We see a clear indication of dungeon differences. Some dungeons are easier than others and are able to run at a higher key level across the board. This is particularly true when you look at the median scores of the dungeons. They fall over several different typical key levels, so the difference is pretty stark. As a first approxmation the differences in median can be used as a rough tier-list of dungeons.
One of the first things to ask is if the dungeon data we are seeing is normally distributed. One way of attacking this question is to look at a QQ-plot1:
1 A QQ-plot is a Quantile-Quantile plot. It plots two distributions against each other. If they agree, the data will fall on a straight line. Usually, one distribution stems from our observed (sampled) data, where the other distribution is some theoretical distribution we want to match against, most often a normal distribution. See Q-Q plot
Figure 7.3: Q-Q plot split per dungeon. The normality varies a bit from season to season and how far we are into a season.
If data is normally distributed, it would fall very close to the line. This data has some very clear influence from the key level, which creates a “stair case” in the plot.

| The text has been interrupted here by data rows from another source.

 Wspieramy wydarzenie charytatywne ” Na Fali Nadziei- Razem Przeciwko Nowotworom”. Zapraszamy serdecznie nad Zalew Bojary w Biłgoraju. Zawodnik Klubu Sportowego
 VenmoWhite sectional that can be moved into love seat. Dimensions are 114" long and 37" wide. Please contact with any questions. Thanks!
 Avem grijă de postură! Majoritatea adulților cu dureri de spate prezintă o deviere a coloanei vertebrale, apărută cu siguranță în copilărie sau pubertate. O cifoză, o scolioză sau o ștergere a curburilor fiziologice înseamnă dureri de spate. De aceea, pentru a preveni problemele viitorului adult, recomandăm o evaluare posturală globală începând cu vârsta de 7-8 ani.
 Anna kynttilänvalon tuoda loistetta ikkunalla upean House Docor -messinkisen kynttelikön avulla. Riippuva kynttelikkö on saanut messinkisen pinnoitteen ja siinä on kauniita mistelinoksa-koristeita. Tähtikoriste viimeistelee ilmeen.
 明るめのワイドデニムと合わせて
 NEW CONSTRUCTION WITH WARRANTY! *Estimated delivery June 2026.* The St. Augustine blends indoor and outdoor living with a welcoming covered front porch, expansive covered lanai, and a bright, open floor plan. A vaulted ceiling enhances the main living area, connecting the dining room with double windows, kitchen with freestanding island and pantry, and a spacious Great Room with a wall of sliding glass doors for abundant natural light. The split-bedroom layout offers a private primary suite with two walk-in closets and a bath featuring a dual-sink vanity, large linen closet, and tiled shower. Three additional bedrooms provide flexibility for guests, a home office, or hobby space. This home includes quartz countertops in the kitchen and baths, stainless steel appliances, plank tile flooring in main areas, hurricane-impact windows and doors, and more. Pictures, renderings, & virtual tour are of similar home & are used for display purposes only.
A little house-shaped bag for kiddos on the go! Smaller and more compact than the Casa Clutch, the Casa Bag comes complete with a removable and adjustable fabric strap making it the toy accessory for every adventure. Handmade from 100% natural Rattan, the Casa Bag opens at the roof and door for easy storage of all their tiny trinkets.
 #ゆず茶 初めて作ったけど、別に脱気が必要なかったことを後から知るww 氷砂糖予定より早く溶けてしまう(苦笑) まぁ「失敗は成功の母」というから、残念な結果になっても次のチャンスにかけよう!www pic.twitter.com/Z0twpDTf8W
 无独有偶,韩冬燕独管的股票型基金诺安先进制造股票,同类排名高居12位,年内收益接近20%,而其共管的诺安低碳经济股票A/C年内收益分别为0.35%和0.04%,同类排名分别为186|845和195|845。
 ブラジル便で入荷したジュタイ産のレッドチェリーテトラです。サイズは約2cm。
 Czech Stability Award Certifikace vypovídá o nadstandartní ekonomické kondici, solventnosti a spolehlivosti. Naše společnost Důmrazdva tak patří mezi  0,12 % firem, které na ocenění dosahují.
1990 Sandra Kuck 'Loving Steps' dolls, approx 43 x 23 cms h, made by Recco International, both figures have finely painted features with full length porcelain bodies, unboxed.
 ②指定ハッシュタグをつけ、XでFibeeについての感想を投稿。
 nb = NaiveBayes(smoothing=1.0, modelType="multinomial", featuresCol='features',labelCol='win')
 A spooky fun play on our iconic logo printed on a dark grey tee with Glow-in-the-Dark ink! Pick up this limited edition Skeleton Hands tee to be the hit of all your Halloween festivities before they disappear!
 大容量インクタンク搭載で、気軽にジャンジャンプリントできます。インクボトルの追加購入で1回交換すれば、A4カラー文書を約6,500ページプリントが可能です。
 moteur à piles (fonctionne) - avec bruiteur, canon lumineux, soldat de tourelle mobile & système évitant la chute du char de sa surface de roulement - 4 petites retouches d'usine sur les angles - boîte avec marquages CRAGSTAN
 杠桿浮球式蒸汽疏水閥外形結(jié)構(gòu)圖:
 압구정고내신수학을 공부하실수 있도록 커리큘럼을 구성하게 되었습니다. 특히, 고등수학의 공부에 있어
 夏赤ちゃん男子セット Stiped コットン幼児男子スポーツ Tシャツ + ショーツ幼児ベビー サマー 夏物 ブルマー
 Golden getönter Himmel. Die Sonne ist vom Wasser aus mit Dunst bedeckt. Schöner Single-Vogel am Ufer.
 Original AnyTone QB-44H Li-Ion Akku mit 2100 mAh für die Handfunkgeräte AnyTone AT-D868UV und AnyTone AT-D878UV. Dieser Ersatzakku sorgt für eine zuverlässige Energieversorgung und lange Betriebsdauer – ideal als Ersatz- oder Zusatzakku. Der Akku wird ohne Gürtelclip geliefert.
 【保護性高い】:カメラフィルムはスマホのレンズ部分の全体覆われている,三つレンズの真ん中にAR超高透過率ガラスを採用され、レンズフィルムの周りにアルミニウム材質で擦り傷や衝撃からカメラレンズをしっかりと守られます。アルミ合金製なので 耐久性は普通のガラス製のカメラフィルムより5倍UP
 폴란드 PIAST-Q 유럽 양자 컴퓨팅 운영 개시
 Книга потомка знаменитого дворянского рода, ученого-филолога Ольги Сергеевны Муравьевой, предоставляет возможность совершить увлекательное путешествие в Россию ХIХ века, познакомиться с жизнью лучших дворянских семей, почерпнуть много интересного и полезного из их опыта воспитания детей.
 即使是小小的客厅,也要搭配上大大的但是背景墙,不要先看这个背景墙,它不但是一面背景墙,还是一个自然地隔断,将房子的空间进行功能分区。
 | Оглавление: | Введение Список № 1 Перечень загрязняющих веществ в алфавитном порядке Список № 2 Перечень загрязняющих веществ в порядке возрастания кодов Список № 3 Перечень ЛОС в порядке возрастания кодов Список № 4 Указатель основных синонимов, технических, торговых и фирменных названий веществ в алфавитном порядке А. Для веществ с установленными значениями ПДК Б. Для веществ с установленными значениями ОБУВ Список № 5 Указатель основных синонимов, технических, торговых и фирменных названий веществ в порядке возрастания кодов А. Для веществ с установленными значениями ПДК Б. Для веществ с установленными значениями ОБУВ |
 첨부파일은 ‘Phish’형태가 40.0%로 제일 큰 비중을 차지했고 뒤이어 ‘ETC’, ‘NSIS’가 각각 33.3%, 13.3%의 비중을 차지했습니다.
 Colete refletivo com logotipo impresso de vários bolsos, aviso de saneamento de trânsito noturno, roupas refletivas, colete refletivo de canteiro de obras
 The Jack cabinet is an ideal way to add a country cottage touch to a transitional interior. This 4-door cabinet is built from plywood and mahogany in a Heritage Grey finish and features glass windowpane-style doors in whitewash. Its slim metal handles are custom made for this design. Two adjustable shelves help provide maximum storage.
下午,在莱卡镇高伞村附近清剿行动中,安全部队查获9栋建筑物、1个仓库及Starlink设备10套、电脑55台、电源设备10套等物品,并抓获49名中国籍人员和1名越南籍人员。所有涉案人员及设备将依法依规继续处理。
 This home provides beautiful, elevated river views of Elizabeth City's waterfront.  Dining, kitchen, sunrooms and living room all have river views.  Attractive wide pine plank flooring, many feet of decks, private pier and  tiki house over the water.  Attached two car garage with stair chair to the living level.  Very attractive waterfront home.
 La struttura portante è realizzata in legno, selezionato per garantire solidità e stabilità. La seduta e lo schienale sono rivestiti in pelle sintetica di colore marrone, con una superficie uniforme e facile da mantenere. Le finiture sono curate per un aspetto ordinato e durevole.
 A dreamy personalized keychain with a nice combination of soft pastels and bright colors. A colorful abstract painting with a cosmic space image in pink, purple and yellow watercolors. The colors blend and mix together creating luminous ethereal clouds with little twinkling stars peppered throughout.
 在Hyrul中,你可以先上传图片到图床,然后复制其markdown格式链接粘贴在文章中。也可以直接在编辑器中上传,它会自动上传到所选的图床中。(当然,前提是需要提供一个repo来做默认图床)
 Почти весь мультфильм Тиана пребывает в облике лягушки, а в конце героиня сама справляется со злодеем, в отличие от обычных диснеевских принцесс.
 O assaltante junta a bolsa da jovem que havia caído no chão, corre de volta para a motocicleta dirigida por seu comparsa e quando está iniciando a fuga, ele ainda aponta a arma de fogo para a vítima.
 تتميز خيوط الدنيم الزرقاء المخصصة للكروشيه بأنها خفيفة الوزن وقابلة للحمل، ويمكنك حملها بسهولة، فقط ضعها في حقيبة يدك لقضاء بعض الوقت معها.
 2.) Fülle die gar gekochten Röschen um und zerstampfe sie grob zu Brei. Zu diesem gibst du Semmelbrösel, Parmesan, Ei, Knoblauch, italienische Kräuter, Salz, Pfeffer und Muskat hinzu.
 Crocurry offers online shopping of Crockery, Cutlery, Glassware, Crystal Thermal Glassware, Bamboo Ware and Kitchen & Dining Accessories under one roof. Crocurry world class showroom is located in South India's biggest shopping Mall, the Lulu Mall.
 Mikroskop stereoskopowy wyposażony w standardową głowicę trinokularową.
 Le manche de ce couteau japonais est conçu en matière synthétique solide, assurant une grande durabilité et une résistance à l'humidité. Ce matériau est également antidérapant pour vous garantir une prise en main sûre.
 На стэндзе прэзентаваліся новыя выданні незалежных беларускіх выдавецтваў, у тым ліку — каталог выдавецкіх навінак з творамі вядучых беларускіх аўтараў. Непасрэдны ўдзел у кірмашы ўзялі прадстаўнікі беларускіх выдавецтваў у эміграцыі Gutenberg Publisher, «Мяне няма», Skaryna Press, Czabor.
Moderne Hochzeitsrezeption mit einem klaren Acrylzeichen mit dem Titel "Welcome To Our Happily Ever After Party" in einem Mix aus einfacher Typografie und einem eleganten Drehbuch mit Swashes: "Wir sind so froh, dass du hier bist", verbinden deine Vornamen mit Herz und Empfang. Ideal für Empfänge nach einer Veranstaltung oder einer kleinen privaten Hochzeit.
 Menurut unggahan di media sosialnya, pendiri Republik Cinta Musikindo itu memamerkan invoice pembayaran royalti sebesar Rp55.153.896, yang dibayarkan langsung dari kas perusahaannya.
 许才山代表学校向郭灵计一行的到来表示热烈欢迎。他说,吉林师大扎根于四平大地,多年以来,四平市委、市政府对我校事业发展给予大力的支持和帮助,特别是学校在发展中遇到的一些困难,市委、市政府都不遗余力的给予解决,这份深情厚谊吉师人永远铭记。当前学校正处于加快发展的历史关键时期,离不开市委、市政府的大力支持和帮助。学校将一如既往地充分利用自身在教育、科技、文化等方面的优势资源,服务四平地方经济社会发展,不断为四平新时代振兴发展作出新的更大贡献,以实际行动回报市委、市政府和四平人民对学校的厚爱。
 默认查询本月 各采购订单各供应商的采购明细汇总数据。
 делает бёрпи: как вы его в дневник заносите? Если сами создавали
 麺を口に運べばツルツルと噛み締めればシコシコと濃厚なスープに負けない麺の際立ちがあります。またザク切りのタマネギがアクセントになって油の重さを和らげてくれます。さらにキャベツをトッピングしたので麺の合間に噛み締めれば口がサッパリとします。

7.2 Regional dungeon differences
Because we are fetching dungeons from each region, it is worth asking if there is a difference in the regional data:
Code
dungeons |>ggplot(aes(x = region.str, y = score)) +geom_violin(color ="grey50") +stat_summary(fun=median, geom="point", color="red", size=3) +labs(title ="Violin plot of dungeons per region",subtitle ="Red dot is median value",caption ="Source: https://raider.io",x ="Region",y ="Score") +theme(legend.position ="none")
Figure 7.4: Dungeon scores, split by region and plotted as a violin-plot. This plots shows how the scoring varies among the regions, which is important to consider if you want to analyze the top-k runs worldwide.
The plot argues there are considerable regional differences. This is likely because there are fewer players in the Asian regions compared to the Europe and Americas regions. A highly active region is able to push keys to a higher level than one which is less active. In any case, using the top players from each region is wrong insofar we aren’t measuring the top players anymore. The players from Asia provides a push/pull effect on the distribution, due to a differing skill level in that region.
If we want to analyze the top players, we should introduce a different dataset in which we are gathering the worldwide top runs across regions. If most of these runs happen to be in the Europe region, we should just have more runs from Europe in the data.
This dataset is prepared by our dungeon-importer. Lets look at the breakdown of the top-1000 dungeon runs in the data set.
Figure 7.5: Find the 1000 dungeon runs with the higest score for the week and count how many there are of each dungeon. The plot is an indicator of overall dungeon balance. If a dungeon occurs rarely in this data set, it is generally considered more difficult than dungeons occurring more often.
Oops! If we look at the runs, it becomes clear we included way more of the easier dungeons. This can vastly skew the estimates on specializations because it ends up measuring more on the easier dungeons. A violin-plot of these dungeons tell a great story about how hard the dungeons are:
Code
dungeons_topk |>slice_max(score, n =1000) |>ggplot(aes(x = dungeon.str, y = score)) +geom_violin(color ="grey70") +labs(title ="Violin plot of dungeons",caption ="Source: https://raider.io",x ="Score",y ="Density") +scale_x_discrete(labels = scales::label_wrap(10))
Figure 7.6: Violin-density plot of the top-1000 dungeon runs ordered by score.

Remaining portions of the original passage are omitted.